# [Source records]
[Start of Attachment]

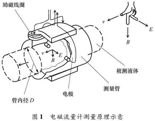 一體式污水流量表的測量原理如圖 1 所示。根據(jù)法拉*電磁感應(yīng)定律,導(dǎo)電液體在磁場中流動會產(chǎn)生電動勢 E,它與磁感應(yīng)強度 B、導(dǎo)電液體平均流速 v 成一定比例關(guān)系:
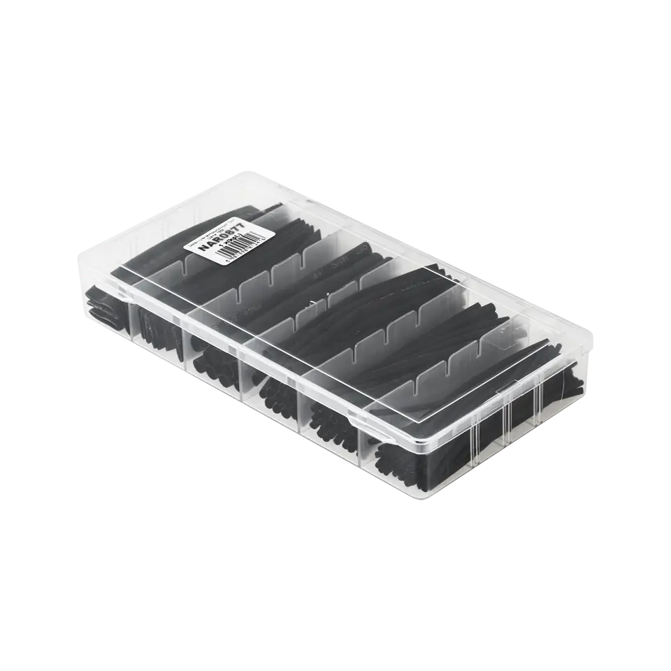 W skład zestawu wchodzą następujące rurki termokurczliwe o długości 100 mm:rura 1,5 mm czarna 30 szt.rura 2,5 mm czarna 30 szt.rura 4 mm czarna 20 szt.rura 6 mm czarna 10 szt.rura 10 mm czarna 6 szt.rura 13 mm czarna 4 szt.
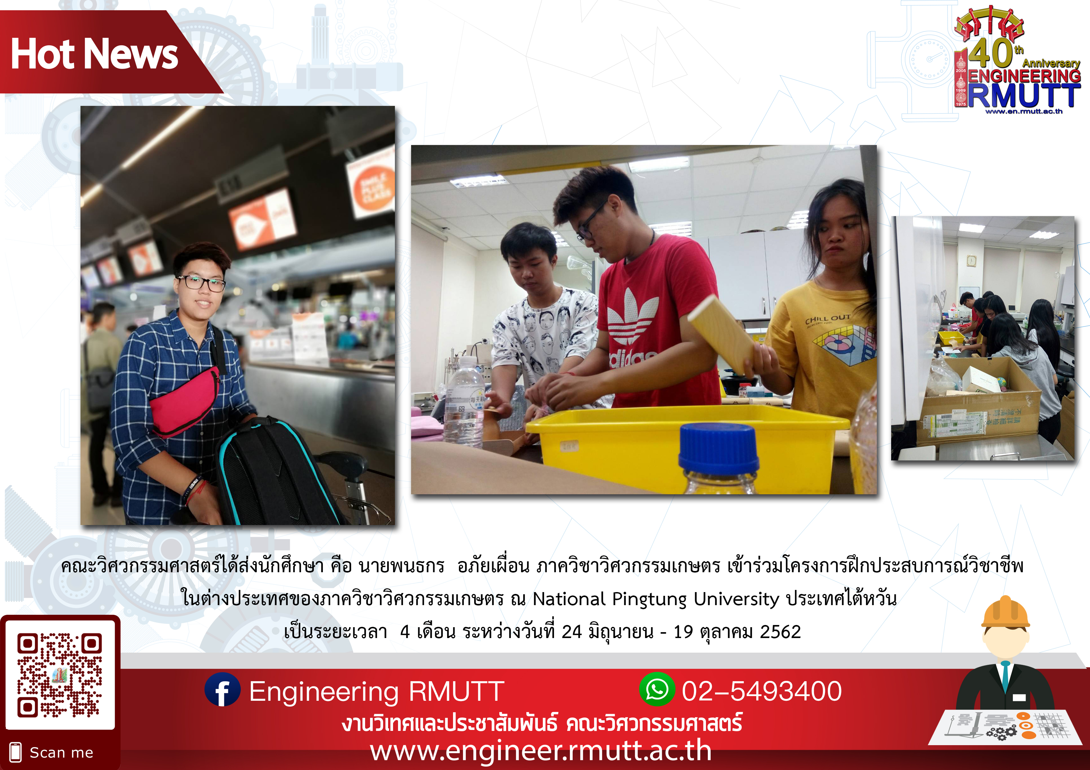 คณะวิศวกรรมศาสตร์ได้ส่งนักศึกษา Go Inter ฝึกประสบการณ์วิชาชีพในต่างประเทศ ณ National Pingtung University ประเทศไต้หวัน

[End of Attachment]
[Start of Attachment]

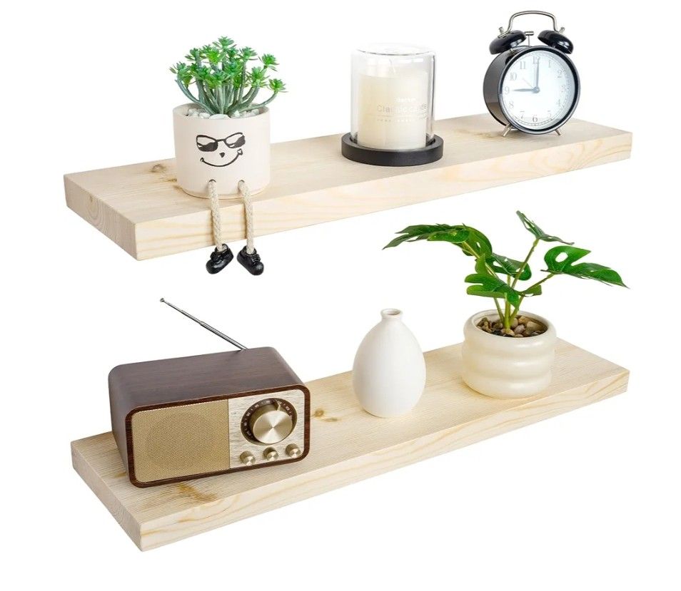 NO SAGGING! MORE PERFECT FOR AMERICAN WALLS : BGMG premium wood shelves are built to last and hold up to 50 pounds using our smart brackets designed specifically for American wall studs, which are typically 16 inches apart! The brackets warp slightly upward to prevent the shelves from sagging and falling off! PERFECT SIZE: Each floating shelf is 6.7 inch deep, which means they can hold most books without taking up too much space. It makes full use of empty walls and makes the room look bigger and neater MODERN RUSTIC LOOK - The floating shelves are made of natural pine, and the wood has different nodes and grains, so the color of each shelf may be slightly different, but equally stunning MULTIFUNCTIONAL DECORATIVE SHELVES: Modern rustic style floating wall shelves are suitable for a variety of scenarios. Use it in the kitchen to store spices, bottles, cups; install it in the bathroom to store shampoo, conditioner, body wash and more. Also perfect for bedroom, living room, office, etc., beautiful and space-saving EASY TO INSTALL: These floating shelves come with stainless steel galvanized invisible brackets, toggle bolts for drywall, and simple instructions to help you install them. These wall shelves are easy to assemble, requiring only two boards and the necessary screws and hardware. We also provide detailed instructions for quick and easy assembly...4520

[End of Attachment]
[Start of Attachment]

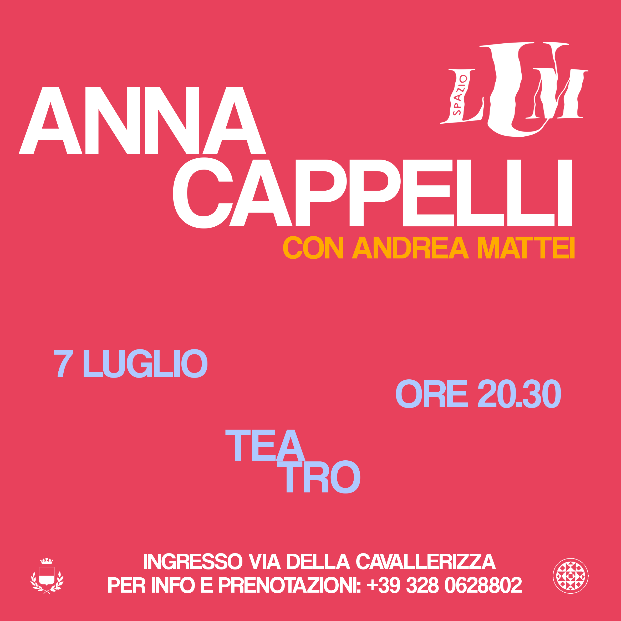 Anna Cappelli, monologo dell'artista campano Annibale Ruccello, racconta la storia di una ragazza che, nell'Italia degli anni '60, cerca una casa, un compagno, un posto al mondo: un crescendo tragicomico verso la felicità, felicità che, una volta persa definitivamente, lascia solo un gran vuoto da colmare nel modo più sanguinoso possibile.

[End of Attachment]

# [What this task involves]
Transcribe the lines above exactly, beginning at the one with "W skład zestawu" and ending at the one with "คณะวิศวกรรมศาสตร์ได้ส่งนักศึกษา Go Inter". Include both; exclude the pictures.

# [Solution to this task]
 W skład zestawu wchodzą następujące rurki termokurczliwe o długości 100 mm:rura 1,5 mm czarna 30 szt.rura 2,5 mm czarna 30 szt.rura 4 mm czarna 20 szt.rura 6 mm czarna 10 szt.rura 10 mm czarna 6 szt.rura 13 mm czarna 4 szt.
 คณะวิศวกรรมศาสตร์ได้ส่งนักศึกษา Go Inter ฝึกประสบการณ์วิชาชีพในต่างประเทศ ณ National Pingtung University ประเทศไต้หวัน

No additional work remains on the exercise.